$A$ $0.02 \ M$ solution of pyridinium hydrochloride has $pH = 3.44$. Calculate the ionization constant of pyridine.

Given: Concentration of salt $(C)$ = $0.02 \ M$,$pH = 3.44$.
Step $1$: Calculate $[H^{+}]$.
$[H^{+}] = 10^{-pH} = 10^{-3.44} = 3.63 \times 10^{-4} \ M$.
Step $2$: Calculate the hydrolysis constant $(K_h)$.
For a salt of a weak base and strong acid,$[H^{+}] = \sqrt{K_h \times C}$.
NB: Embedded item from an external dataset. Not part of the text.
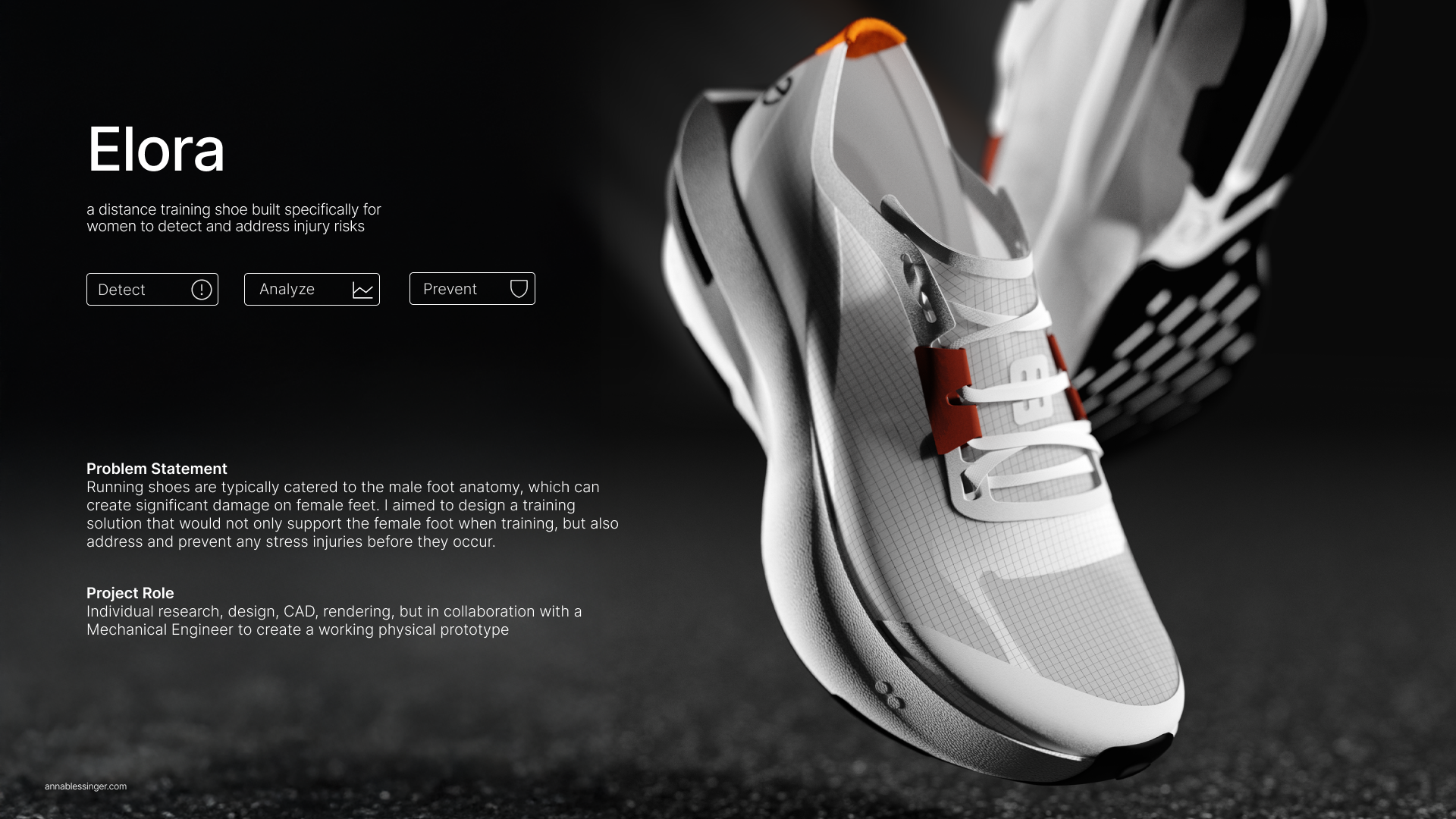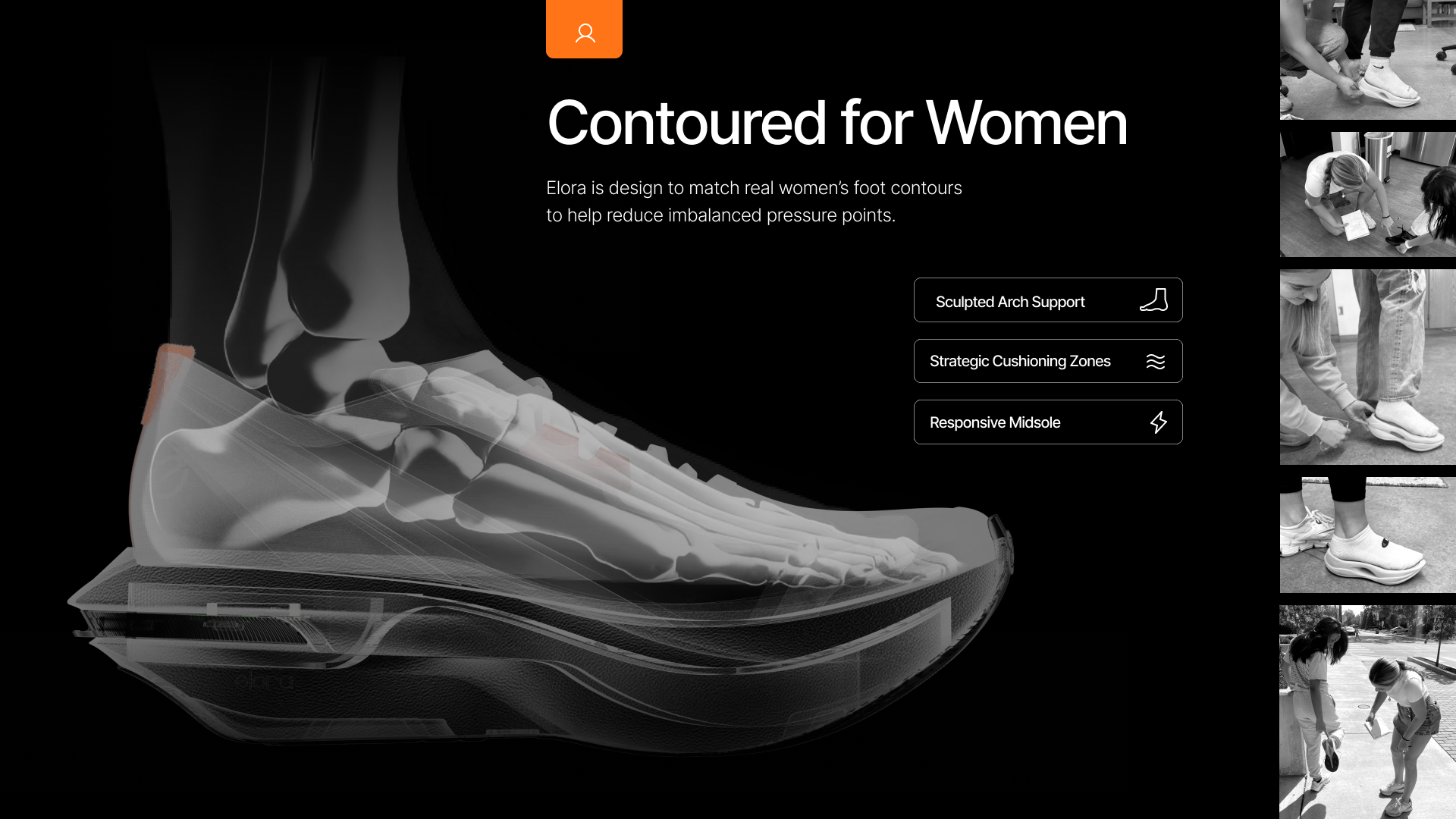 Design Intent: Marathon shoes built specifically for women—contoured to their foot shape and equipped with internal technology to detect injury risks before they happen.

$K_h = \frac{[H^{+}]^2}{C} = \frac{(3.63 \times 10^{-4})^2}{0.02} = \frac{1.3177 \times 10^{-7}}{0.02} = 6.59 \times 10^{-6} \approx 6.6 \times 10^{-6}$.
Step $3$: Calculate the ionization constant of pyridine $(K_b)$.
$K_h = \frac{K_w}{K_b} \Rightarrow K_b = \frac{K_w}{K_h}$.
$K_b = \frac{1.0 \times 10^{-14}}{6.6 \times 10^{-6}} = 1.515 \times 10^{-9}$.